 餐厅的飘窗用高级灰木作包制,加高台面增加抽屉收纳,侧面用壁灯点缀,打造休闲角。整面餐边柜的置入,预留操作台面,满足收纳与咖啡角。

* * *

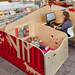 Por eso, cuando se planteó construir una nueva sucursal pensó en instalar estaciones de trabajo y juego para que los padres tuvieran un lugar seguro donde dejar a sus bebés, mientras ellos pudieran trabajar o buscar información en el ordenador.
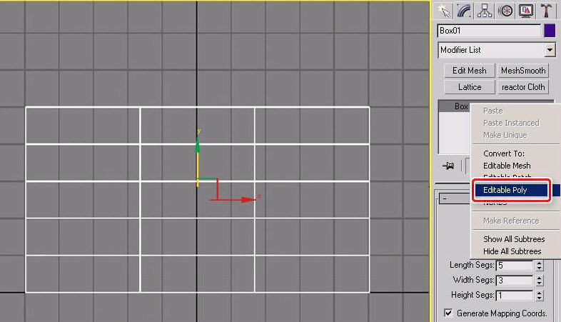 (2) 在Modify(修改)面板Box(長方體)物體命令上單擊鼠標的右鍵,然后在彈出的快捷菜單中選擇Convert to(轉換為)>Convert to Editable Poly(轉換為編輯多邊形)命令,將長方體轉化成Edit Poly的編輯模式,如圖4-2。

> _YOUR INSTRUCTIONS_
Return exactly the lines that appear in the data above between the line containing "Por eso, cuando" and the line containing "Editable Poly(轉換為編輯多邊形)命令,將長方體轉化成Edit Poly的編輯模式,如圖4-2。", both of which are included, and leave the pictures out.

> _ANSWER TO THE PROBLEM_
 Por eso, cuando se planteó construir una nueva sucursal pensó en instalar estaciones de trabajo y juego para que los padres tuvieran un lugar seguro donde dejar a sus bebés, mientras ellos pudieran trabajar o buscar información en el ordenador.
 (2) 在Modify(修改)面板Box(長方體)物體命令上單擊鼠標的右鍵,然后在彈出的快捷菜單中選擇Convert to(轉換為)>Convert to Editable Poly(轉換為編輯多邊形)命令,將長方體轉化成Edit Poly的編輯模式,如圖4-2。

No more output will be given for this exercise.